As hypothesized, hue of 3D is less reliably than lightness or chroma of 3D (3D_elec: Kappa value for hue = 0.45 (95% CI: 0.40–0.50, ICC_(1,1) for lightness = 0.76(95% CI: 0.74–0.79), ICC_(1,1) for chroma = 0.67(95% CI: 0.63–0.70); 3D_vis: Kappa value for hue = 0.01 (95% CI: -0.05–0.06, ICC_(1,1) for lightness = 0.52 (95% CI: 0.47–0.57), ICC_(1,1) for chroma = 0.66 (95% CI: 0.62–0.69).

Inter-methods variability

Concerning the comparability of visual and electronical measurements, the agreement within limits of 2.7 ΔE is fair to good within 2D, and slight to fair within 3D (Table 3). The corresponding agreements within limits of 3.7 ΔE are good.

Table 3

Comparing methods of measurements in terms of ΔE and ΔE₀₀: 2D *versus* 3D within visual or electronical measurement; visual *versus* electronical measurements within 2D and 3D
	Visual versus electronical		2D versus 3D
	within 2D	within 3D	within visual	within electronical
	Value	Value	Value	Value
Paired observations, number	839*	840*	1680†	1679‡
Mean ΔE (standard deviation)	2.53 (2.17)	2.99 (2.21)	3.46 (1.66)	3.91 (1.29)
Agreement within ΔE < 2.7, proportion (95% CI)	59.6 (56.2–62.9)	40.6 (37.3–44.0)	45.2 (42.8–47.6)	18.6 (16.7–20.5)
Agreement within ΔE < 3.7, proportion (95% CI)	67.2 (63.9–70.4)	68.5 (65.3–71.7)	52.9 (50.5–55.3)	46.6 (44.2–49.0)
Mean ΔE₀₀ (standard deviation)	2.08 (1.80)	2.37 (1.82)	3.26 (1.23)	3.50 (1.00)
Agreement within ΔE₀₀ < 2.7, proportion (95% CI)	62.9 (59.6–55.5)	56.0 (52.5–59.3)	45.8 (43.4–48.2)	23.5 (21.5–25.6)
Agreement within ΔE₀₀ < 3.7, proportion (95% CI)	82.1 (79.4–84.7)	75.2 (72.2–78.1)	71.7 (69.5–73.9)	64.6 (62.3–66.9)
* V2 versus E1, V3 versus E3, V5 versus E5 acc. to the flow chart
† D2 versus D3 measurements for V1 – V6 acc. to the flow chart
‡ D2 versus D3 measurements for E1 – E6 acc. to the flow chart

Concerning the comparability of 2D and 3D measurements, the agreement within limits of 2.7 ΔE is fair within the visual approach, and poor within the electronical approach (Table 3). The corresponding agreements within limits of 3.7 ΔE are fair.
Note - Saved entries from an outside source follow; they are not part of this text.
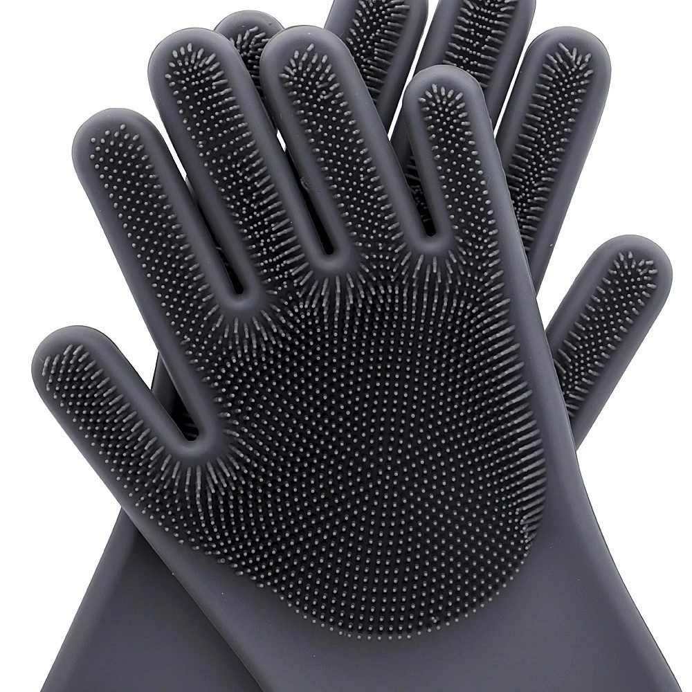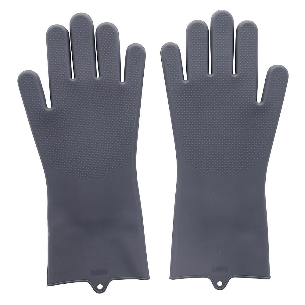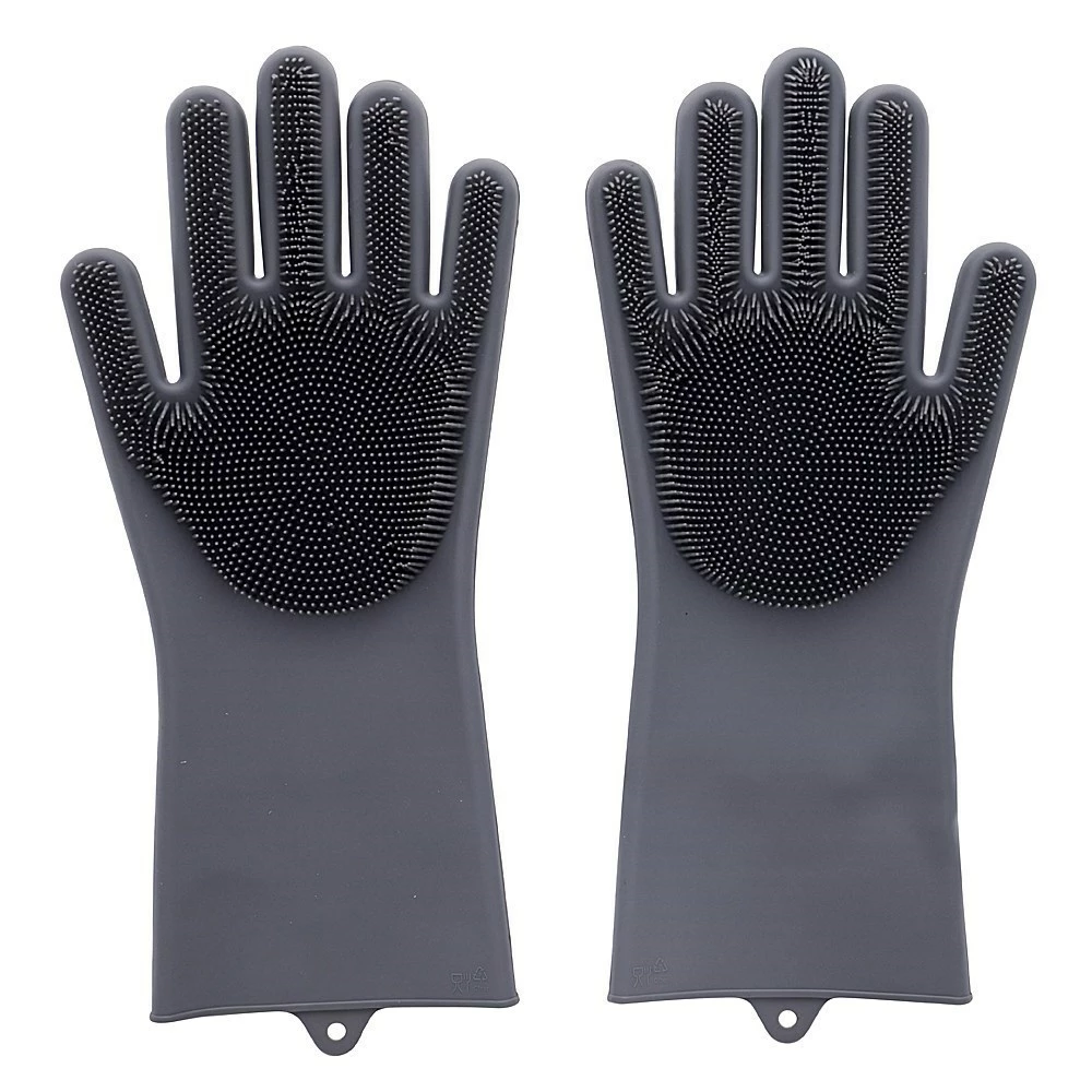 - Both gloves are equipped with silicone cleaning bristles that effectively scrub food and grime from dishes without causing damage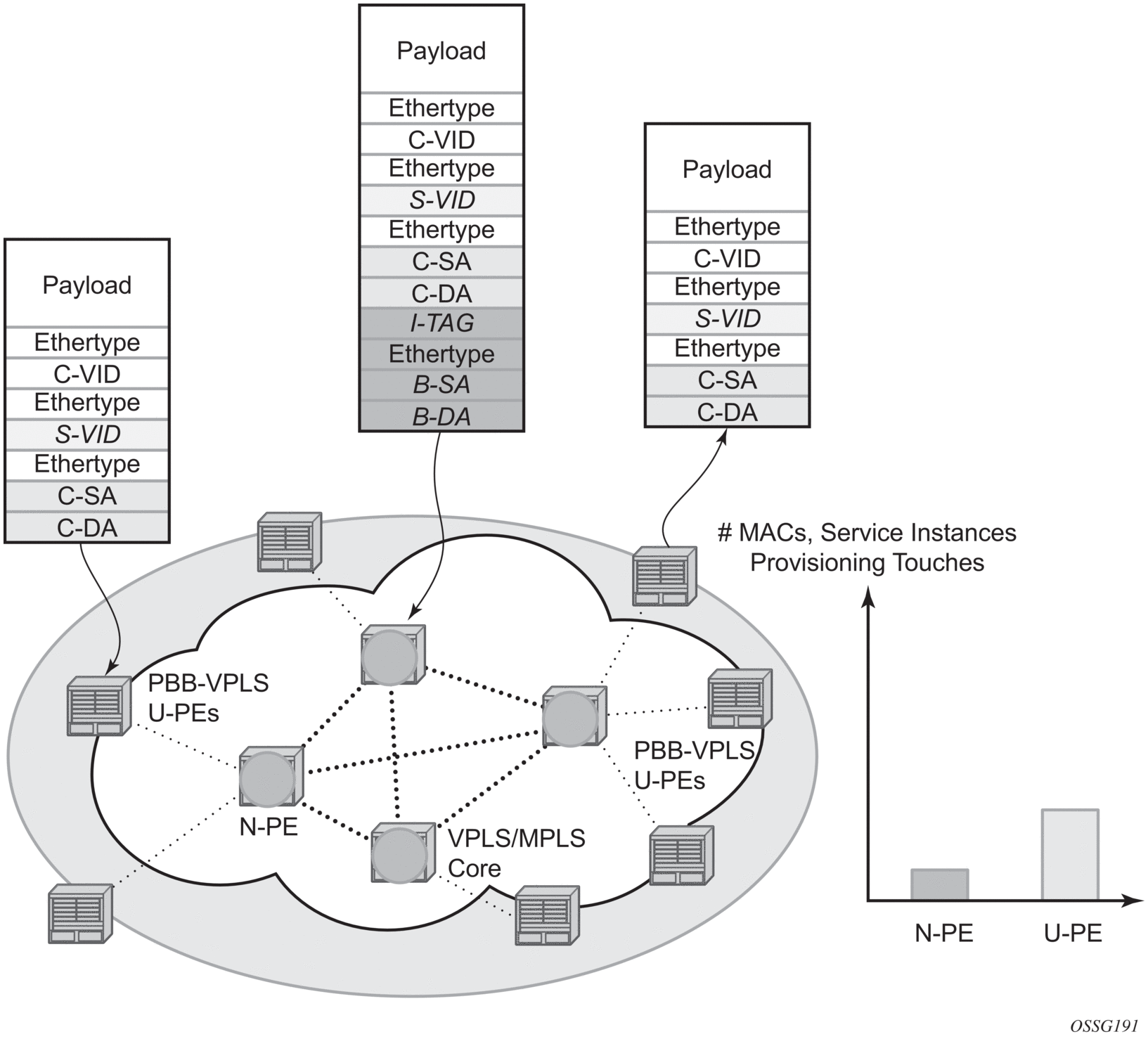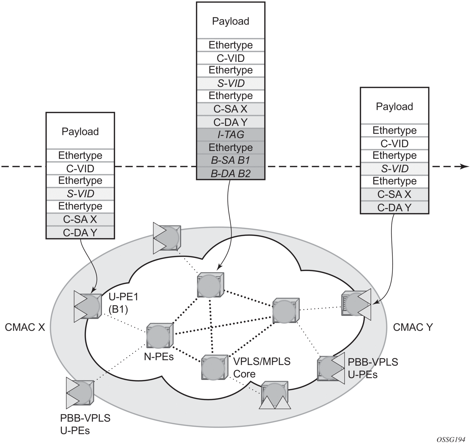 PBB adds a regular Ethernet header where the B-DA and B-SA are the backbone destination and respectively, source MACs of the edge U-PEs. The backbone MACs (B-MACs) are used by the core N-PE devices to switch the frame through the backbone.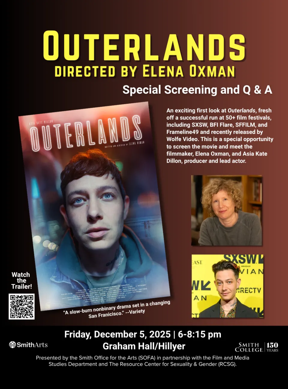 Northampton, MA – The Smith College Office for the Arts (SOFA) is excited to bring Outerlands, the critically acclaimed, multi-award-winning debut feature written and directed by Elena Oxman to Smith for a special campus screening and Q&A with the filmmaker and lead actor and producer, Asia Kate Dillon (Billions) on December 5 at 6 p.m. in the Graham Auditorium in Hillyer Hall. Outerlands is distributed by Wolfe Video, the longest-running and largest distributor of LGBTQ+ films in the world, and has its digital release on November 26. The film also features Louisa Krause (The Girlfriend Experience), Ridley Asha Bateman (Lou), Lea DeLaria (Orange Is the New Black), and Daniel K. Isaac (Elsbeth). The screening and talk are open to the public.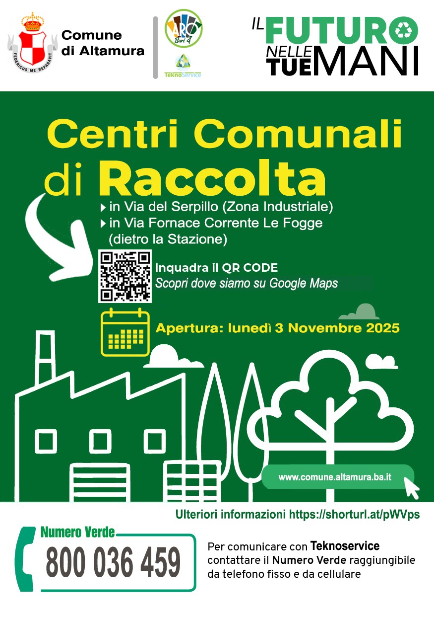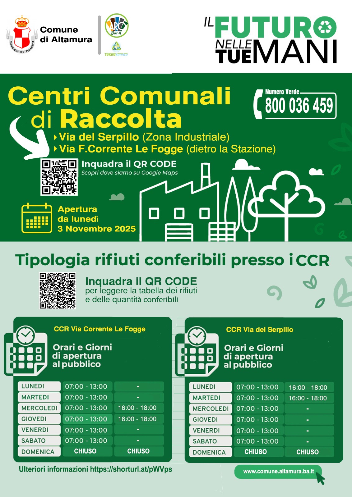 A partire dal 3 novembre 2025 saranno aperti al pubblico i due CCR (Centri comunali di raccolta), adibiti al conferimento di particolari tipologie di rifiuti. I centri sono ubicati in Via Corrente Le Fogge (zona artigianale Grotta Formica) e in via del Serpillo (zona industriale in via Gravina) e saranno gestiti da personale Teknoservice.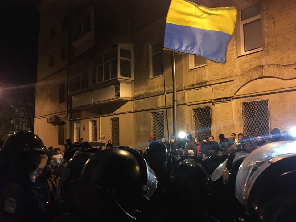 10.02 - Несколько десятков сторонников Михо стоят на пересечении Аскольдова переулка и улицы Мазепы. Периодически скандируют: "Слава Украине! Героям слава", "Банду геть!".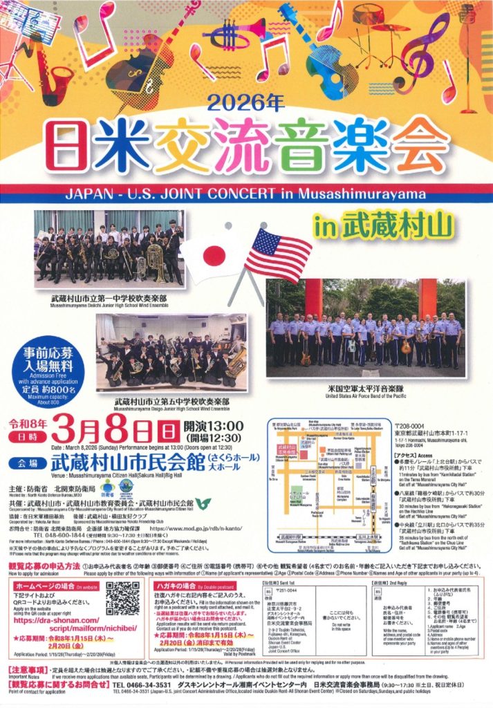 3月8日に武蔵村山市民会館(さくらホール)にて「2026年日米交流音楽会in武蔵村山」が開催されます。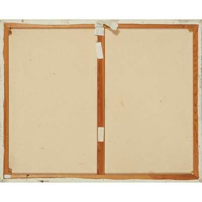 Inscribed with title exhibition label verso, oil and emulsion on canvas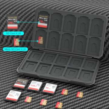 Show moreIntroducing the THELIFELICIOUS SD Card Holder Memory Card Case, your ultimate solution for organizing and protecting your precious data. Designed to accommodate up to 20 SD cards and an equal number of micro SD cards, this storage organizer is ideal for photographers, videographers, and tech enthusiasts who require a reliable and stylish way to keep their memory cards safe. The case boasts a robust ABS exterior and soft silicone interiors that offer excellent durability, ensuring your cards remain unharmed even during travel.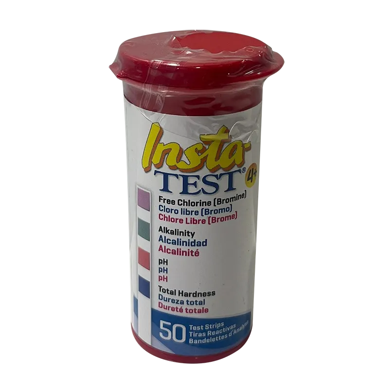 The Insta-TEST® 4 Plus pool & spa strip measures Free Chlorine 0-10 ppm, Bromine 0-20 ppm, Total Alkalinity 0-240 ppm, pH 6.2-9.0 and Total Hardness 0 -800+. This test strip is a dip-n-read strip with instant results. Each bottle includes 50 test strips packaged in a waterproof red Pop Top bottle with a hinged cap.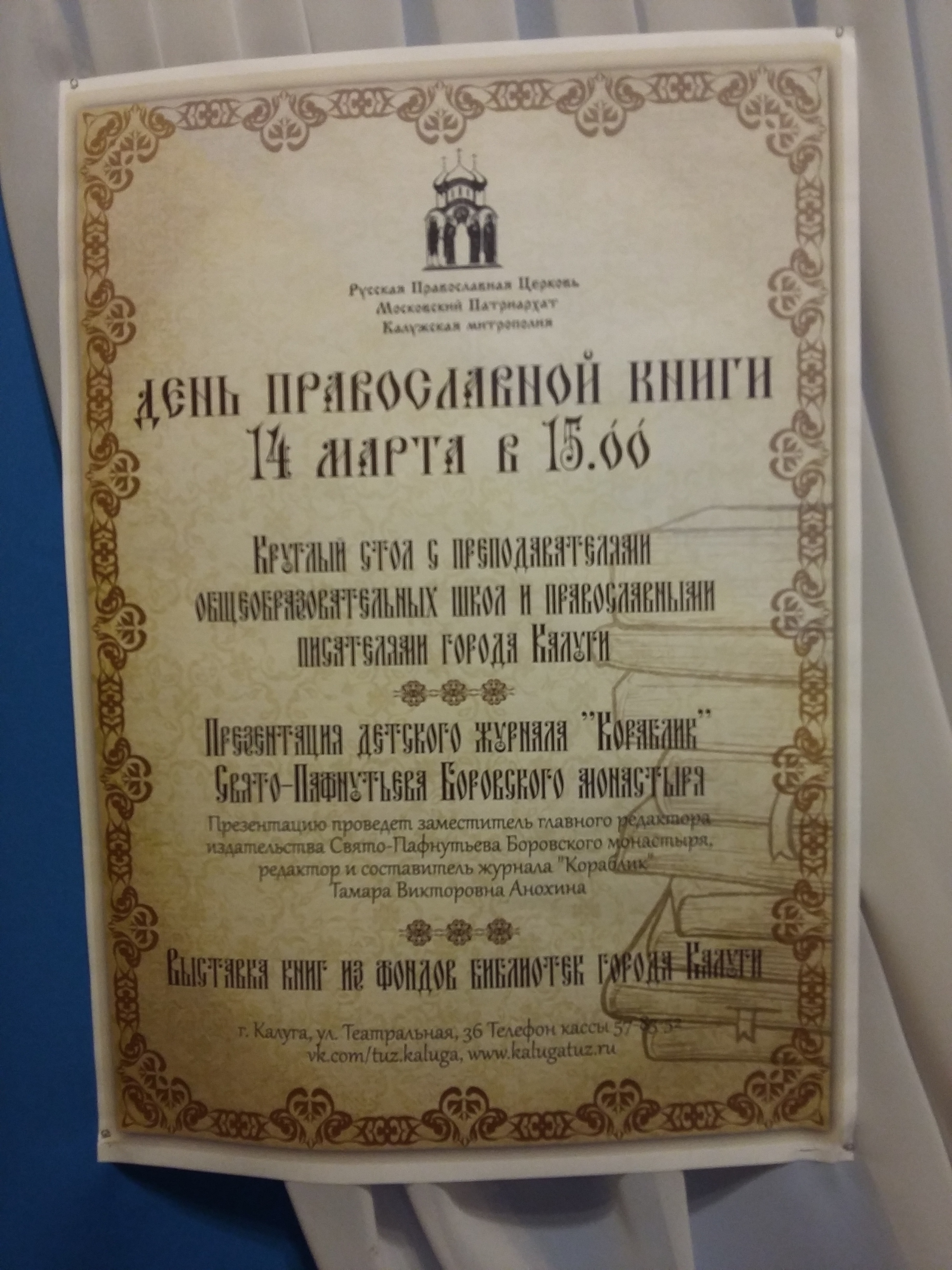 14 марта в фойе Калужского театра юного зрителя по завершению круглого стола, посвящённого Дню Православной книги, организованный Благочинием 5-го округа Калужской епархии и Управлением образования г. Калуги, были организованы выставки православной литературы из фонда ГКУК КО «Калужская областная детская библиотека», где и прошла презентация детского журнала «Кораблик» Свято-Пафнутьева Боровского монастыря, приуроченная к 10-летию журнала.

Concerning the comparability of visual and electronical measurements, the agreement within limits of 2.7 d(0M1) is good within 2D, and fair within 3D (Table 4). The corresponding agreements within limits of 3.7 d(0M1) are very good.

Table 4

Comparing methods of measurements of the distance from 0M1 related to a single tooth: 2D *versus* 3D within visual or electronical measurement; visual *versus* electronical measurements within 2D and 3D
	Visual versus electronical		2D versus 3D
	within 2D	within 3D	within visual	within electronical
	Value	Value	Value	Value
Number of paired observations	839*	840*	1680†	1679‡
Mean distance (SD) d₁ from 0M1 for the electronical measurement	15.8 (2.97)	13.1 (3.69)
Mean distance (SD) d₂ from 0M1 for the visual measurement	14.9 (3.28)	13.4 (2.88)
Mean distance (SD) d₁ from 0M1 for the 2D measurement			15.0 (3.25)	15.9 (2.96)
Mean distance (SD) d₂ from 0M1 for the 3D measurement			13.3 (2.82)	13.3 (3.71)
Difference d₂ – d₁ (standard deviation)	-0.89 (2.77)	0.22 (3.05)	-1.64 (1.98)	-2.58 (1.70)
Agreement within \|d(0M1)\| < 2.7, proportion (95% CI)	69.1 (65.9–72.2)	53.3 (49.9–56.7)	66.5 (64.2–68.8)	47.1 (44.6–49.5)
Agreement within \|d(0M1)\| < 3.7, proportion (95% CI)	86.3 (83.8–88.5)	86.3 (83.8–88.6)	80.9 (78.9–82.7)	84.0 (82.2–85.8)
Limits of agreement	-6.33–4.55	-5.76–6.19	-5.53–2.25	-5.90–0.75
Number of observations outside the limits of agreement total (lower; higher)	58** (33; 25)	60** (30; 30)	82*** (21; 61)	49*** (34; 15)
ICC_(2,1) (95% CI)	0.58 (0.50–0.65)	0.58 (0.53–0.62)	0.69 (0.27–0.84)	0.67 (-0.06–0.88)
ICC_(3,1) (95% CI)	0.61 (0.56–0.65)	0.58 (0.53–0.62)	0.79 (0.77–0.81)	0.87 (0.86–0.88)
* V2 versus E1, V3 versus E3, V5 versus E5 acc. to the flow chart
† D2 versus D3 measurements for V1 – V6 acc. to the flow chart
‡ D2 versus D3 measurements for E1 – E6 acc. to the flow chart
** expected number: 30–55
*** expected number: 66–102

Concerning the comparability of 2D and 3D measurements, the agreement within limits of 2.7 d(0M1) is good within the visual approach, and fair within the electronical approach (Table 4). The corresponding agreements within limits of 3.7 d(0M1) are good to very good and very good, respectively.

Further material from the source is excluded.